#### [DATA TO EXAMINE]
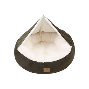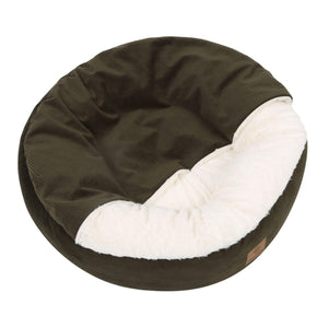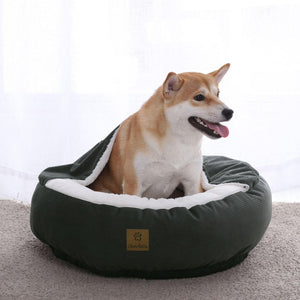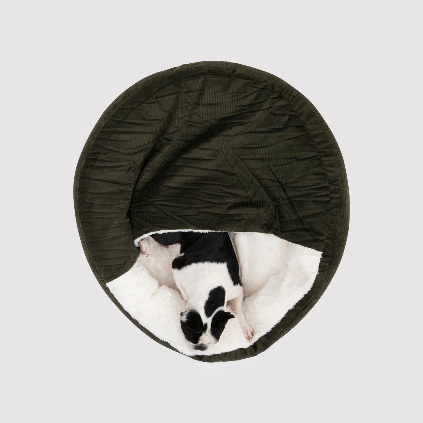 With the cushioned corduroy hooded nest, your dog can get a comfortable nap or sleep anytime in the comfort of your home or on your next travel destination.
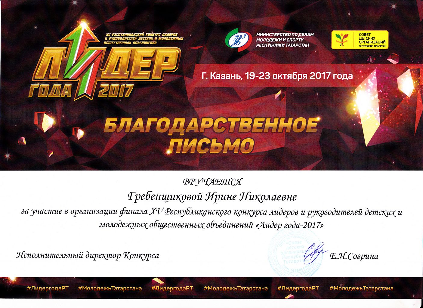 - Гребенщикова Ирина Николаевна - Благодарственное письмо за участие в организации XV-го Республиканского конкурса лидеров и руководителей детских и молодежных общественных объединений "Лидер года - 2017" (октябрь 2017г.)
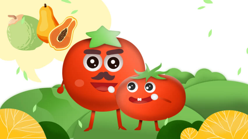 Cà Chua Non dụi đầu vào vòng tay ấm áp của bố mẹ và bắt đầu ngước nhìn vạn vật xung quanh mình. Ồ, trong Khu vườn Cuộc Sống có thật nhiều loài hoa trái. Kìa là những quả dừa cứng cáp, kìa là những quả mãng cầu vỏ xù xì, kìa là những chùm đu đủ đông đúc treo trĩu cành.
--
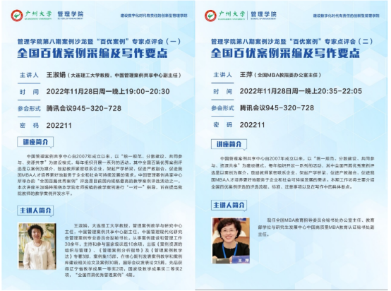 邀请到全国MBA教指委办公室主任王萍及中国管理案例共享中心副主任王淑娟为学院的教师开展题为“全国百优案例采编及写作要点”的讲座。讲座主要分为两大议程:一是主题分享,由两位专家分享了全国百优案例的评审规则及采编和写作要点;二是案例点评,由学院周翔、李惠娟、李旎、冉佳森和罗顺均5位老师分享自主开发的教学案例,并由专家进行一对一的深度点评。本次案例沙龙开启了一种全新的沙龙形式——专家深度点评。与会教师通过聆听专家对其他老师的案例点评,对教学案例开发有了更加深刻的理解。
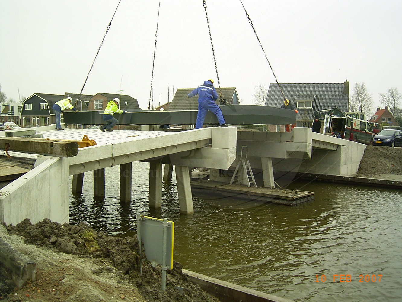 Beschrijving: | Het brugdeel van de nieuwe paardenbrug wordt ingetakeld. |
...
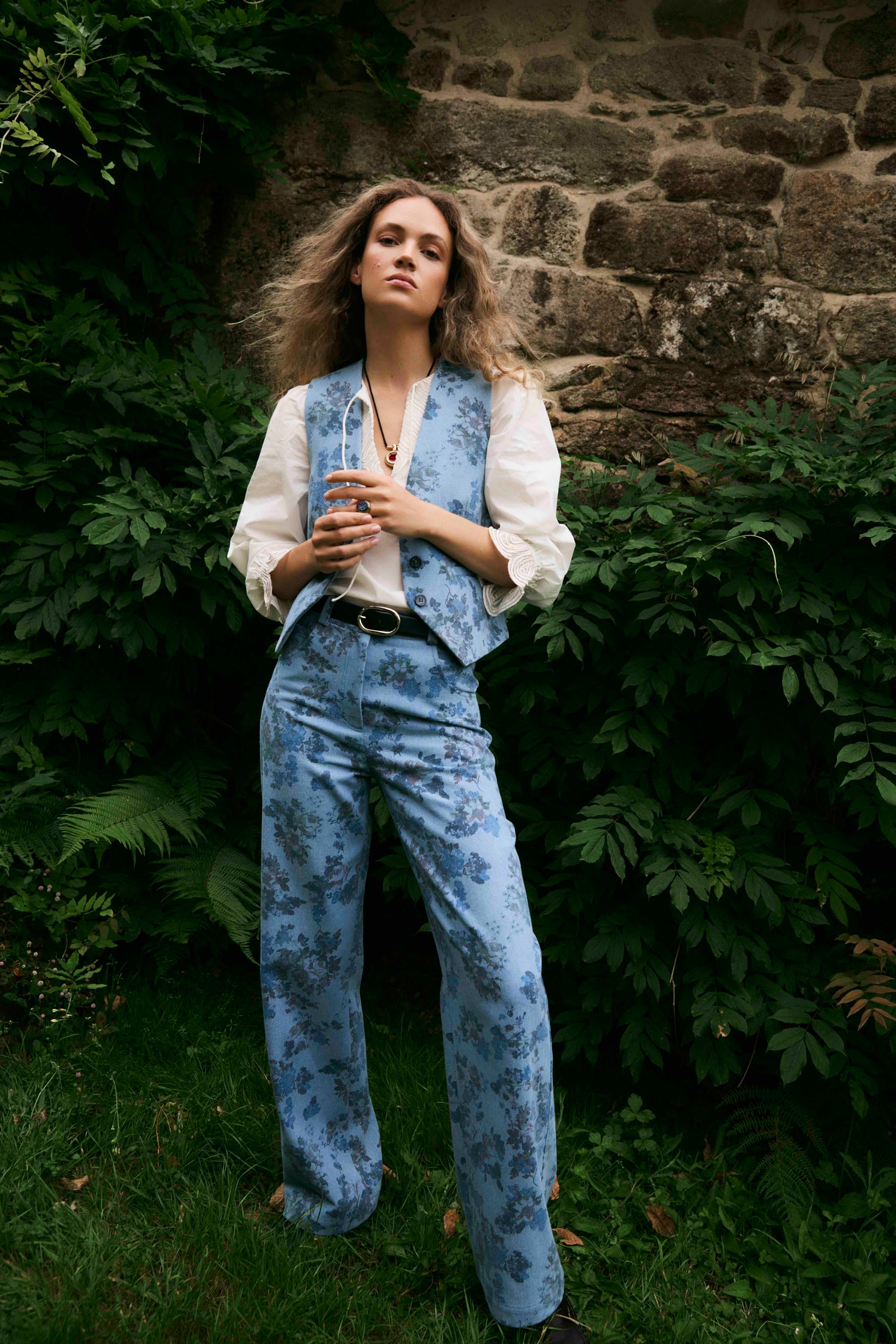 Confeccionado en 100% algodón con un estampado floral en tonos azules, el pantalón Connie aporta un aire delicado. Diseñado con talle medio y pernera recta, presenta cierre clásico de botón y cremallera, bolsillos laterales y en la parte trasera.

#### [THE TASK]
Reproduce the listing above exactly from the line containing "- Гребенщикова Ирина" up to and including the line containing "Cà Chua Non", omitting any images and everything outside those lines.

#### [RESPONSE TO THE EXERCISE]
 - Гребенщикова Ирина Николаевна - Благодарственное письмо за участие в организации XV-го Республиканского конкурса лидеров и руководителей детских и молодежных общественных объединений "Лидер года - 2017" (октябрь 2017г.)
 Cà Chua Non dụi đầu vào vòng tay ấm áp của bố mẹ và bắt đầu ngước nhìn vạn vật xung quanh mình. Ồ, trong Khu vườn Cuộc Sống có thật nhiều loài hoa trái. Kìa là những quả dừa cứng cáp, kìa là những quả mãng cầu vỏ xù xì, kìa là những chùm đu đủ đông đúc treo trĩu cành.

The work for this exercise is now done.